Exhibition of Guyanese art had successful opening in Caracas
- Castellani House
Stabroek News
December 1, 2002
An exhibition of Guyanese art titled ‘Togetherness in Guyana’ recently had a successful opening in Caracas, Venezuela, Castellani House has said.
The exhibition, first shown at the National Gallery, Castellani House, from May to August last year, opened at the gallery Anauco Arriba in San Bernardino, Caracas, from September 5 to October 30 last, featuring 40 paintings and sculptures by 14 artists. This was augmented by one work from the Guyana Embassy, Caracas, and nine from the collection of former Venezuelan diplomat in Guyana, Leonardo Canizales, a release from Castellani House has said.
The works, the release noted, covered a range from representations of Guyanese landscapes and nature studies, to abstract and semi- abstract paintings, to relief-carved and free-standing sculptures with symbolic, political and decorative themes. According to the release, there was a large audience at the opening event, including representatives from the artists’ community as well as Guyanese in Caracas, senior members of the Venezuelan Foreign Ministry and a number of diplomats from the large diplomatic community in the city.
Among the diplomatic corps were Jamaican and Barbadian high commissioners and the ambassadors of South Africa, Greece, Holland, Spain, Korea and Honduras.
Meanwhile the Dutch Ambassador has extended an invitation for the exhibition to be mounted in Curacao, after it drew a large number of visitors in Caracas, the release said.
The exhibition was originally proposed by Guyana’s Ministry of Foreign Affairs, and then the National Gallery invited 19 artists to submit works for the project of which 14 responded.
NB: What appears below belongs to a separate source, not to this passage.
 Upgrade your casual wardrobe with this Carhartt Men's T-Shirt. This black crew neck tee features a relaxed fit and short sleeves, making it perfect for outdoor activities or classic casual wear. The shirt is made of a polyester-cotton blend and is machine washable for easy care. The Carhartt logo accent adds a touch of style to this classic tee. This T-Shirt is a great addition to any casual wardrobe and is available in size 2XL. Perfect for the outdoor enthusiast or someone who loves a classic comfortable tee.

These were Philip Moore, Oswald Hussein, Desmond Alli, Winslow Craig, Maylene Duncan, Margaret Dookun, Merlene Ellis, Seunarine Munisar, Josefa Tamayo, Gary Thomas, Francis Ferreira, Doris Rogers, Morag Williams and Ron Savory. The additional works in Caracas were those of Moore, Stanley Greaves, Hazel Shury and Dudley Charles.
Curator of the National Gallery, Elfrieda Bissember, accompanied by the gallery’s technician, Leon Howard, travelled to Caracas to mount the exhibition in collaboration with Anauco Arriba’s director, Mariavelia Savino.
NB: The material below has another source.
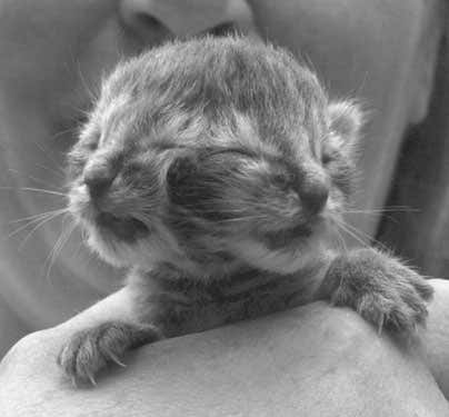 The kitten in this photograph has diprosopia, a rare congenital malformation that duplicates facial features.

Two of the exhibiting artists, Duncan and Ellis, attended the exhibition after been selected by a vote among the artists. They received airline tickets and accommodation, compliments of Castellani House and the Guyana Embassy in Caracas respectively, while the stay by the curator and the technician was part-sponsored by the Venezuelan National Council on Culture, release added.